__RECORDS PROVIDED__.
=== Section Start ===
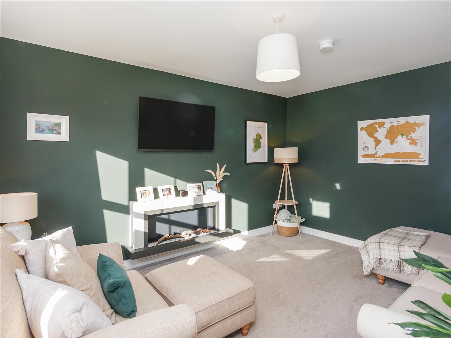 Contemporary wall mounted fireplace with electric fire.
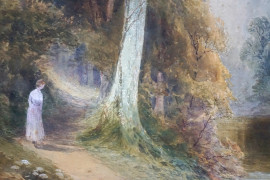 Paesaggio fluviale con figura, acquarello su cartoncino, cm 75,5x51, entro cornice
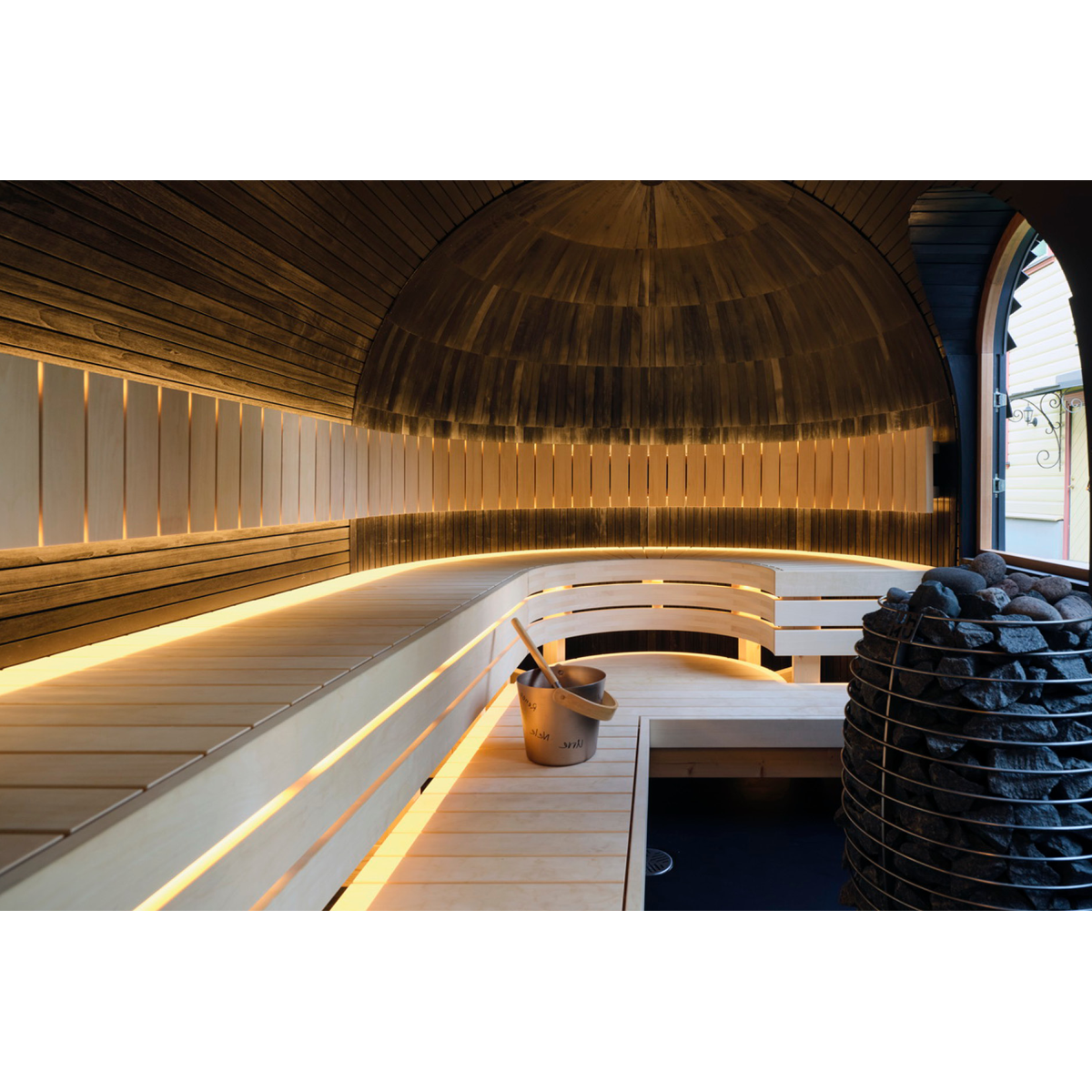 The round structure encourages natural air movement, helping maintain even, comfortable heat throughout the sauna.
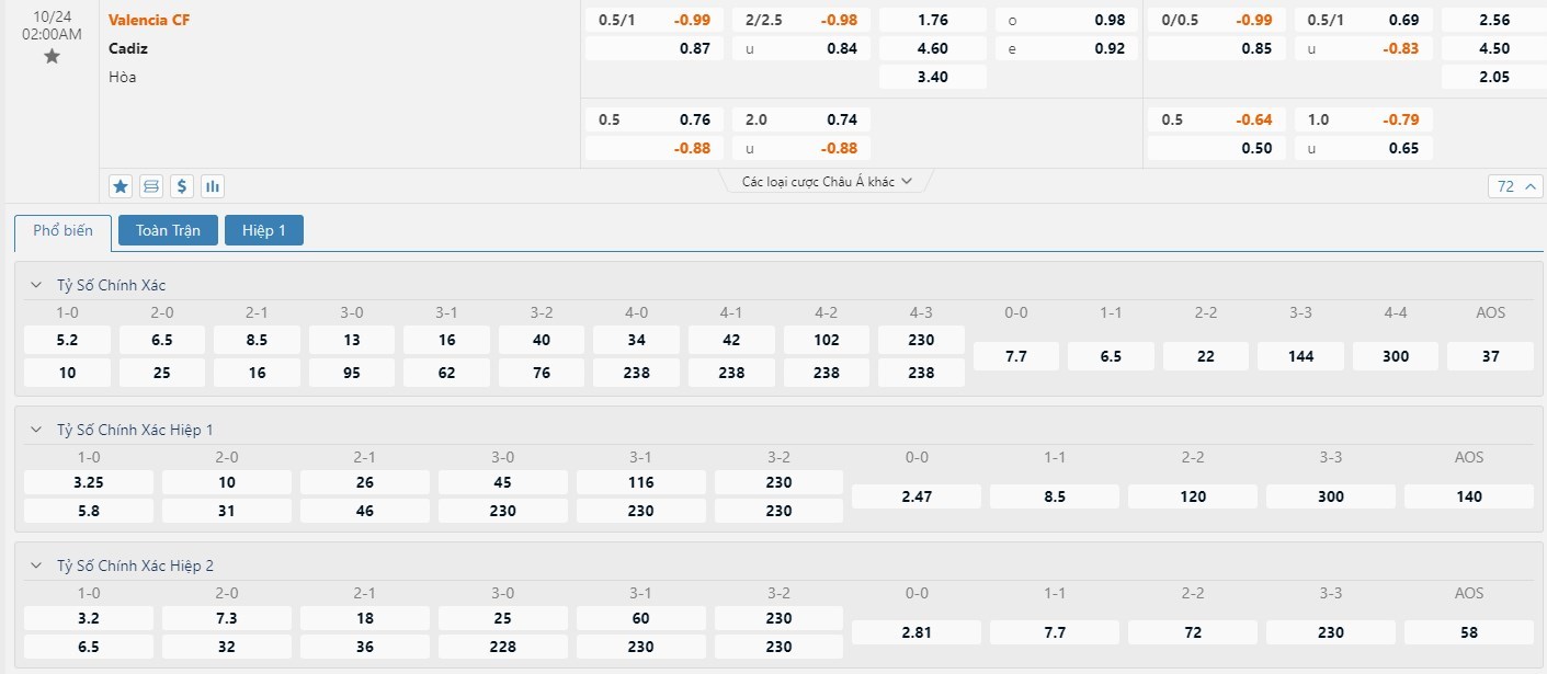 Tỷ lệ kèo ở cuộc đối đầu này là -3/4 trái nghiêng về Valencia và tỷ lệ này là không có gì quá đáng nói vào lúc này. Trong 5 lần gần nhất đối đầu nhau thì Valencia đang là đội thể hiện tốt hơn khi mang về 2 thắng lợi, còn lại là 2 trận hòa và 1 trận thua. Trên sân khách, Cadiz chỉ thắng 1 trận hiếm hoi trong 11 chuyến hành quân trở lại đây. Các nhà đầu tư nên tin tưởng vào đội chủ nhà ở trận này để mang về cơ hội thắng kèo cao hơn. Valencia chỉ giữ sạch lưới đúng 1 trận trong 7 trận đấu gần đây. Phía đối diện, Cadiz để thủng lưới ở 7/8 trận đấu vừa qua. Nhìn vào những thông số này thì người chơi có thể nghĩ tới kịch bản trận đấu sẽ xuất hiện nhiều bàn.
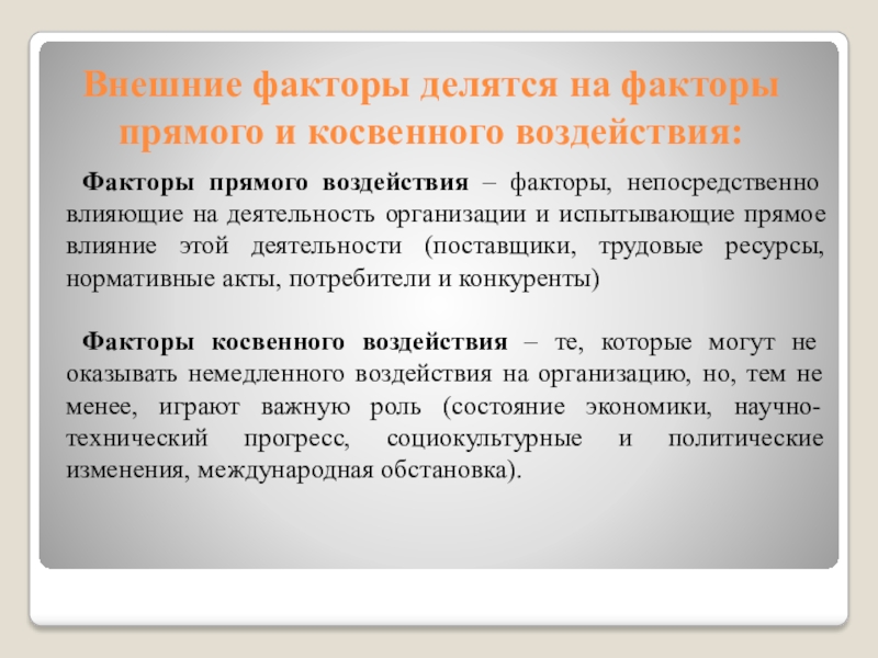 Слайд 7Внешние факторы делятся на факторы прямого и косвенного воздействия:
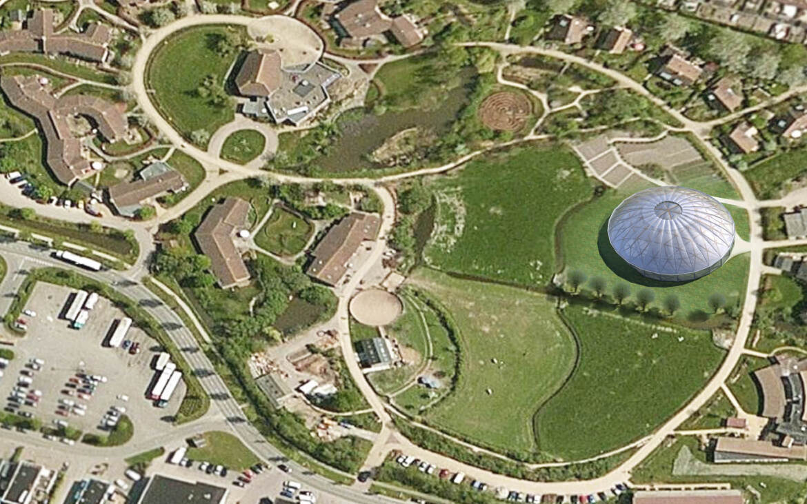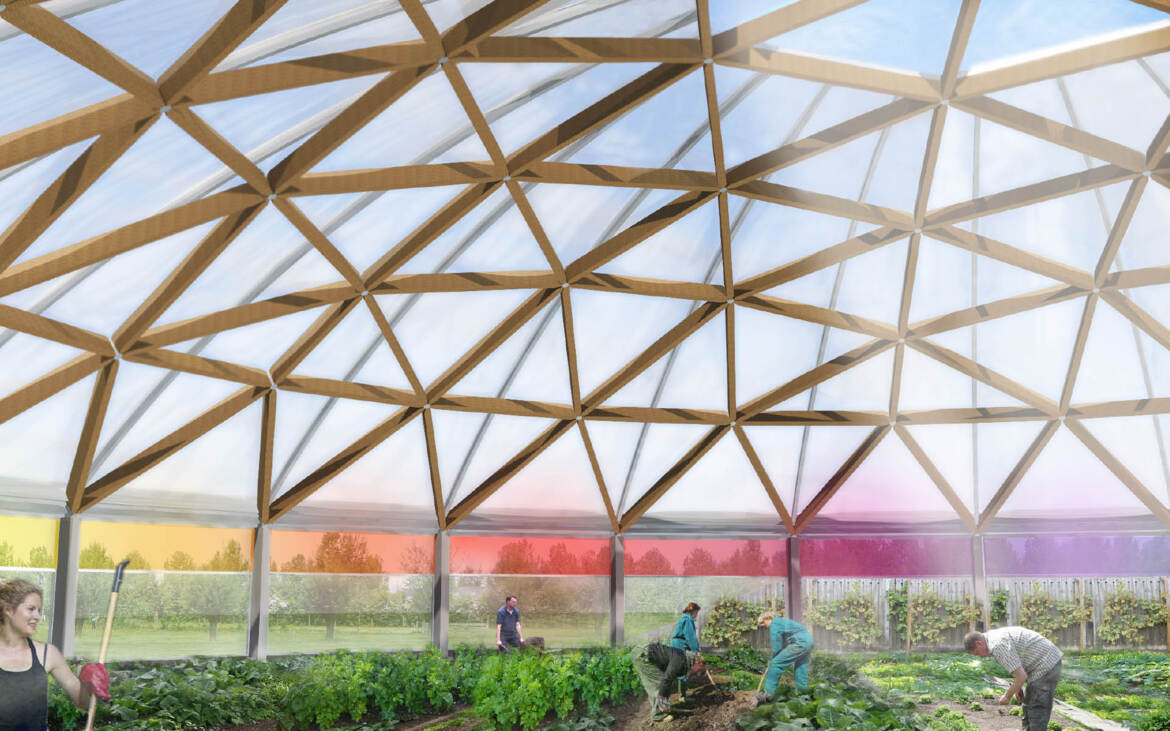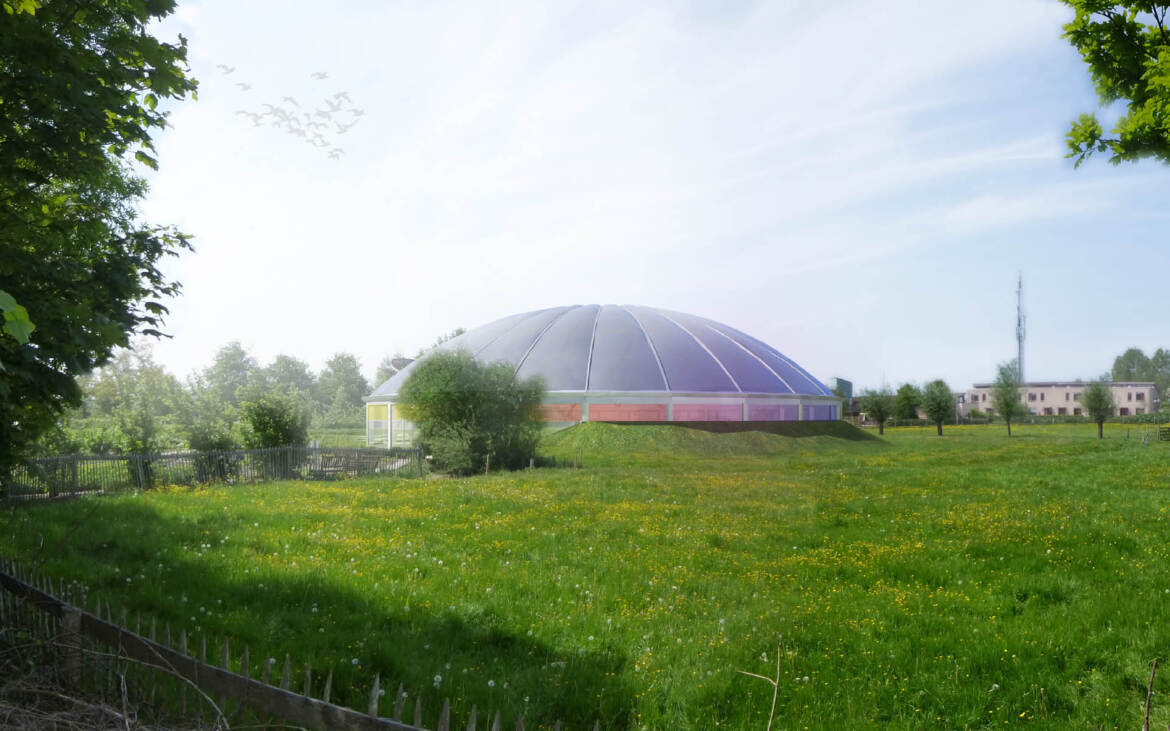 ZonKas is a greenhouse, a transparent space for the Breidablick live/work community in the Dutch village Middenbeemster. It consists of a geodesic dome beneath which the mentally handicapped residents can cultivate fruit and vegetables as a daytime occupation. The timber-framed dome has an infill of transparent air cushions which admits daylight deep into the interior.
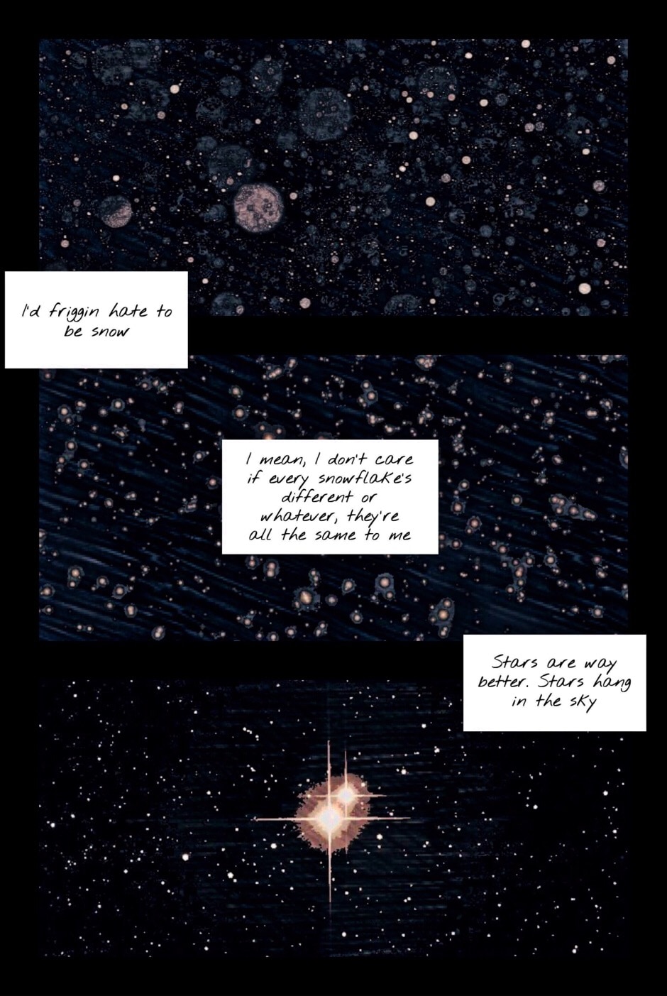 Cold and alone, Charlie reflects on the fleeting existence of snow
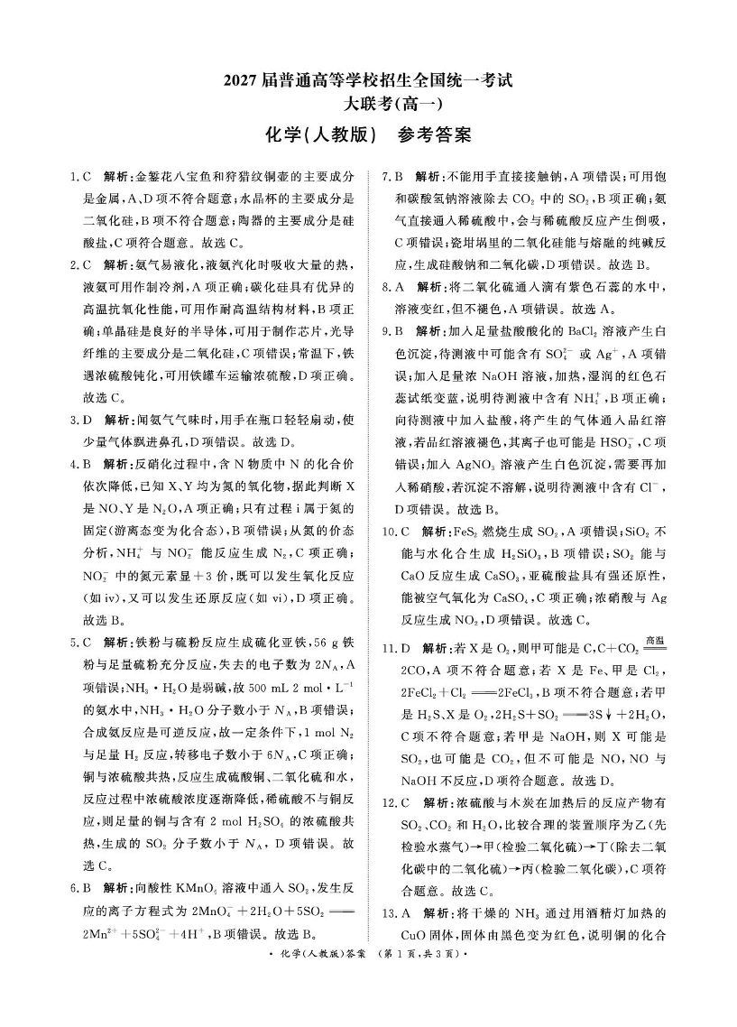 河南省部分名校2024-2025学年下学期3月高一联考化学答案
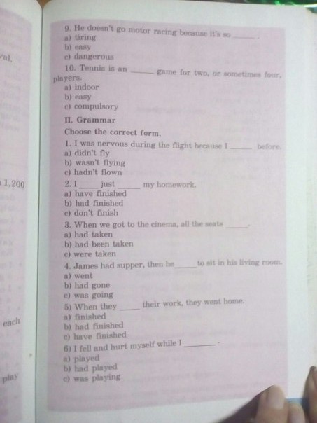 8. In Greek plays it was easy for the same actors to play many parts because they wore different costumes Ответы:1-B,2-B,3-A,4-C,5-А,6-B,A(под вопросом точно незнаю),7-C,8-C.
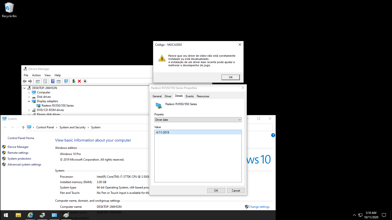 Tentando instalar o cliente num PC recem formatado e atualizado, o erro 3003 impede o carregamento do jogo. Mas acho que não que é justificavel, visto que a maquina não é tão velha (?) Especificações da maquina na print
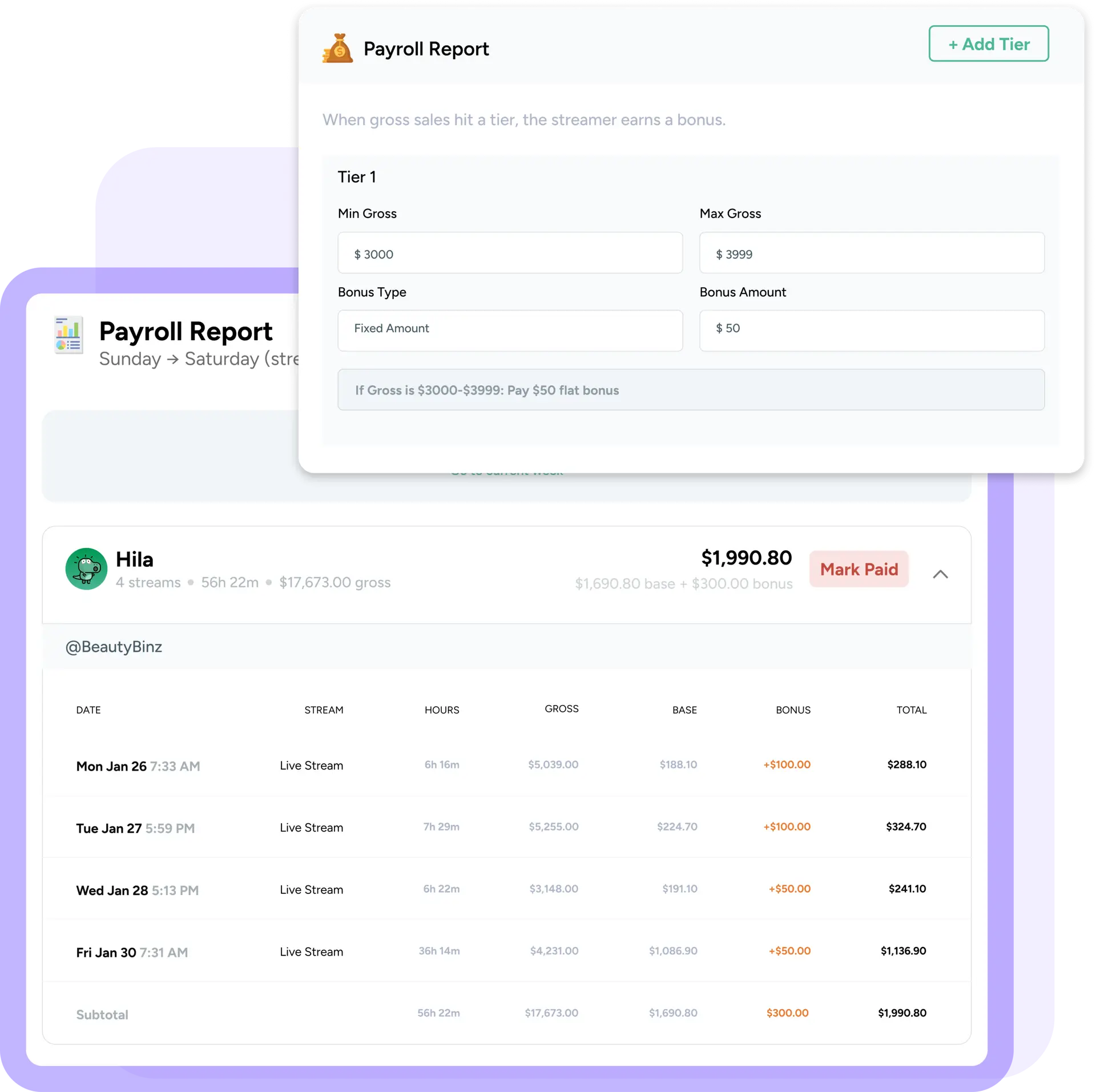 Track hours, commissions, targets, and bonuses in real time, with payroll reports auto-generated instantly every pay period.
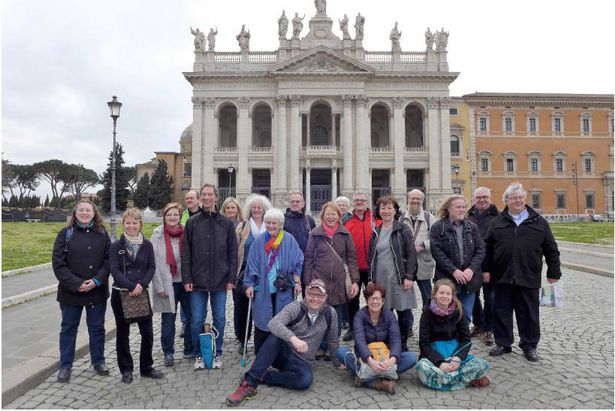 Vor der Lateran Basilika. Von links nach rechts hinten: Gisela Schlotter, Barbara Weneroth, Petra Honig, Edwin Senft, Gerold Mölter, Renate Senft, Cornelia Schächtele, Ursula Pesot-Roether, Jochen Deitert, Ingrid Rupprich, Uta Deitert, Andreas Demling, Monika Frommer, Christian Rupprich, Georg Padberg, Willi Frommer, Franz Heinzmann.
=== Section End ===
__INSTRUCTIONS FOR THE TASK__. In the records, the line containing "Cold and alone, Charlie" starts the span and the final line ends it. Output exactly that span, both ends included, with no pictures and nothing else.

__OUTPUT BELOW__.
 Cold and alone, Charlie reflects on the fleeting existence of snow
 河南省部分名校2024-2025学年下学期3月高一联考化学答案
 8. In Greek plays it was easy for the same actors to play many parts because they wore different costumes Ответы:1-B,2-B,3-A,4-C,5-А,6-B,A(под вопросом точно незнаю),7-C,8-C.
 Tentando instalar o cliente num PC recem formatado e atualizado, o erro 3003 impede o carregamento do jogo. Mas acho que não que é justificavel, visto que a maquina não é tão velha (?) Especificações da maquina na print
 Track hours, commissions, targets, and bonuses in real time, with payroll reports auto-generated instantly every pay period.
 Vor der Lateran Basilika. Von links nach rechts hinten: Gisela Schlotter, Barbara Weneroth, Petra Honig, Edwin Senft, Gerold Mölter, Renate Senft, Cornelia Schächtele, Ursula Pesot-Roether, Jochen Deitert, Ingrid Rupprich, Uta Deitert, Andreas Demling, Monika Frommer, Christian Rupprich, Georg Padberg, Willi Frommer, Franz Heinzmann.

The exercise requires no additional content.